§ SOURCE DATA:
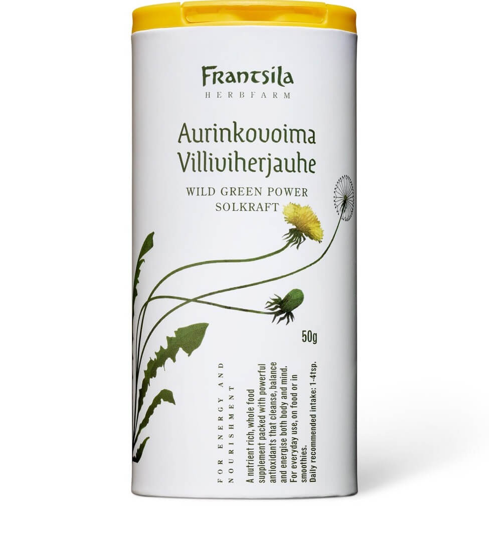 Aurinkovoiman luomuviljellyt raaka-aineet: nokkonen, sinimailailanen, porkkanan lehti, mäkimeirami, persilja, siankärsämönsen lehti, liperi, voikukan lehti ja pihatähtimö toimivat suojaravinteina ja antioksidantteina.
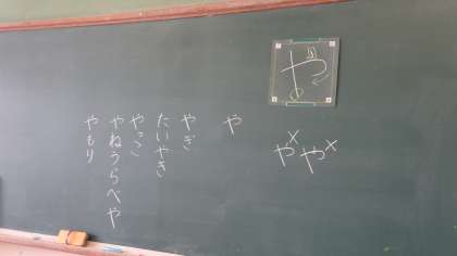 平仮名「や」の練習です。バランスをとるのが難しいですが,姿勢を正して,見本を見ながら集中して練習していました。
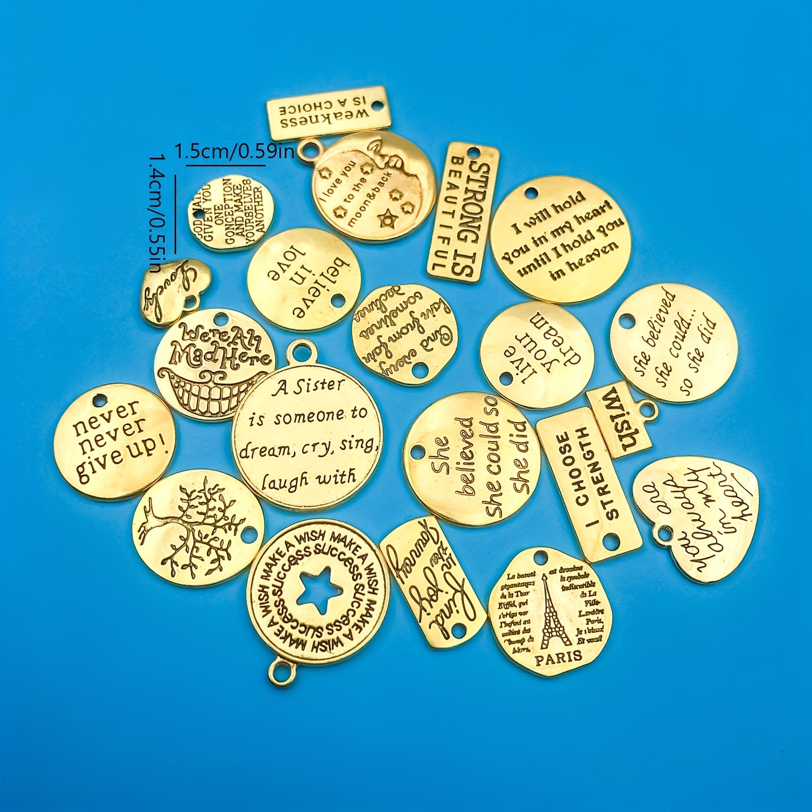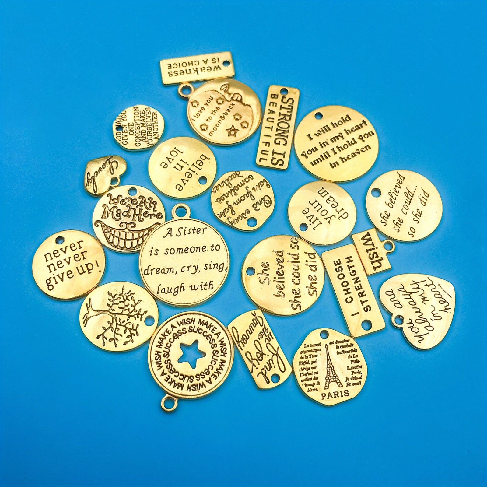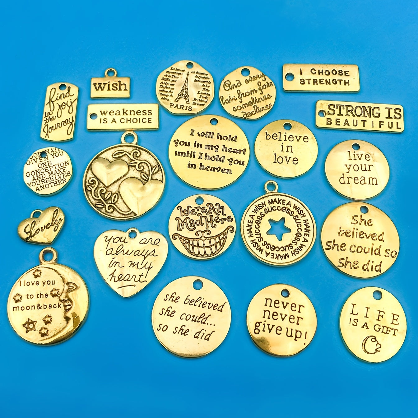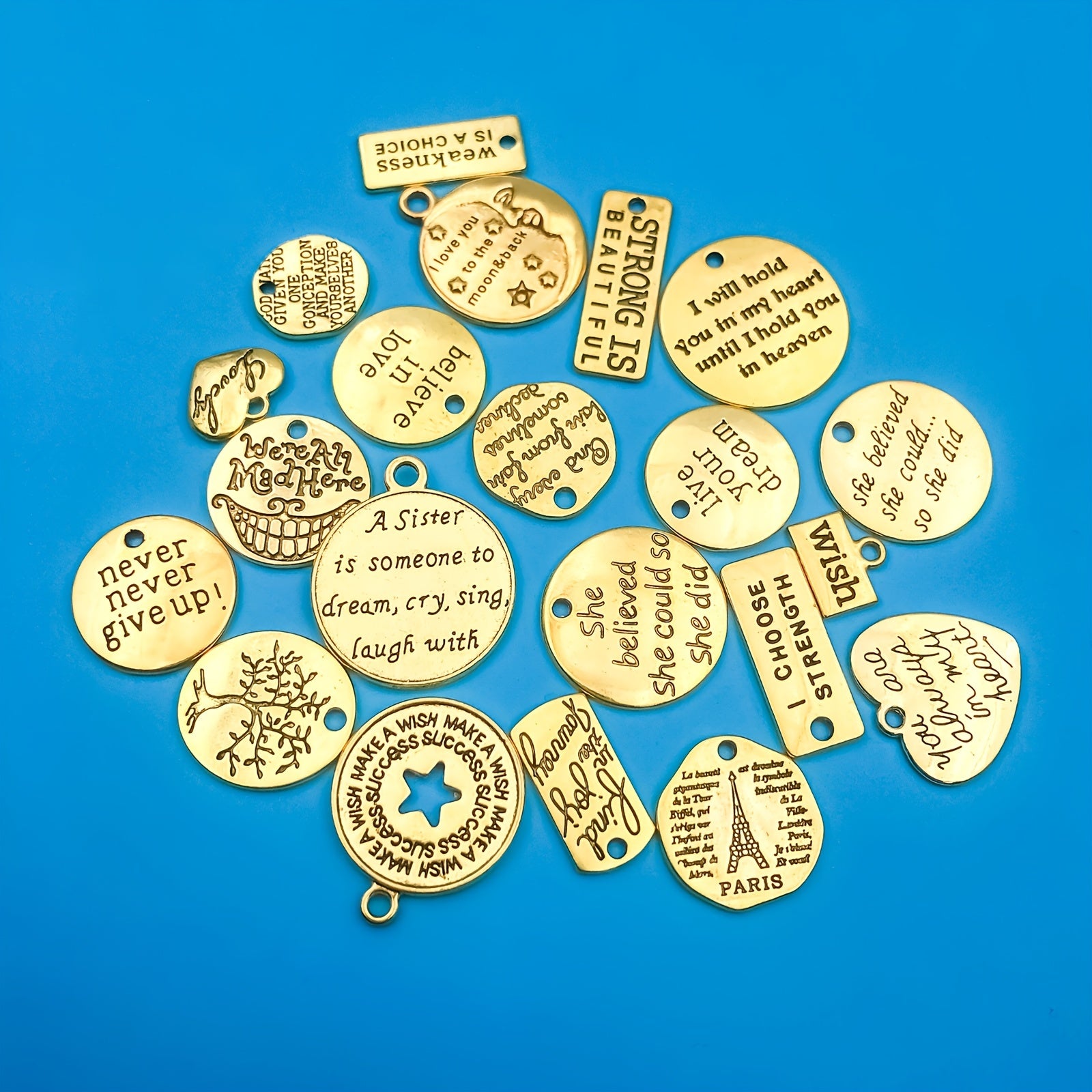 This set includes 21 zinc alloy pendants in antique golden finish with letter, circle and square shapes. Perfect for creating necklaces, bracelets, earrings and other jewelry pieces.
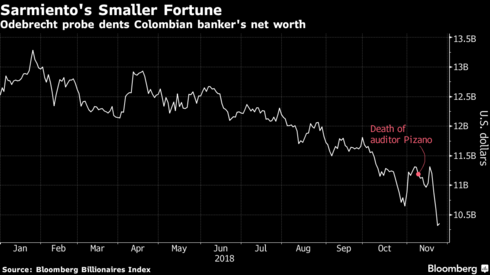 Tháng 11 vừa qua, ông Luis Carlos Sarmiento, nhà sáng lập của một trong những tập đoàn ngân hàng lớn nhất Colombia đã phải chứng kiến khối tài sản khổng lồ của mình mất giá dần dần khi cuộc điều tra tham nhũng và nhận hối lộ nhằm vào “nhà khổng lồ” về xây dựng của Brazil Odebrecht SA được tiến hành.

§ PROMPT:
Give the preceding data back exactly, minus every picture.

§ ANSWER TO THIS EXERCISE:
 Aurinkovoiman luomuviljellyt raaka-aineet: nokkonen, sinimailailanen, porkkanan lehti, mäkimeirami, persilja, siankärsämönsen lehti, liperi, voikukan lehti ja pihatähtimö toimivat suojaravinteina ja antioksidantteina.
 平仮名「や」の練習です。バランスをとるのが難しいですが,姿勢を正して,見本を見ながら集中して練習していました。
 This set includes 21 zinc alloy pendants in antique golden finish with letter, circle and square shapes. Perfect for creating necklaces, bracelets, earrings and other jewelry pieces.
 Tháng 11 vừa qua, ông Luis Carlos Sarmiento, nhà sáng lập của một trong những tập đoàn ngân hàng lớn nhất Colombia đã phải chứng kiến khối tài sản khổng lồ của mình mất giá dần dần khi cuộc điều tra tham nhũng và nhận hối lộ nhằm vào “nhà khổng lồ” về xây dựng của Brazil Odebrecht SA được tiến hành.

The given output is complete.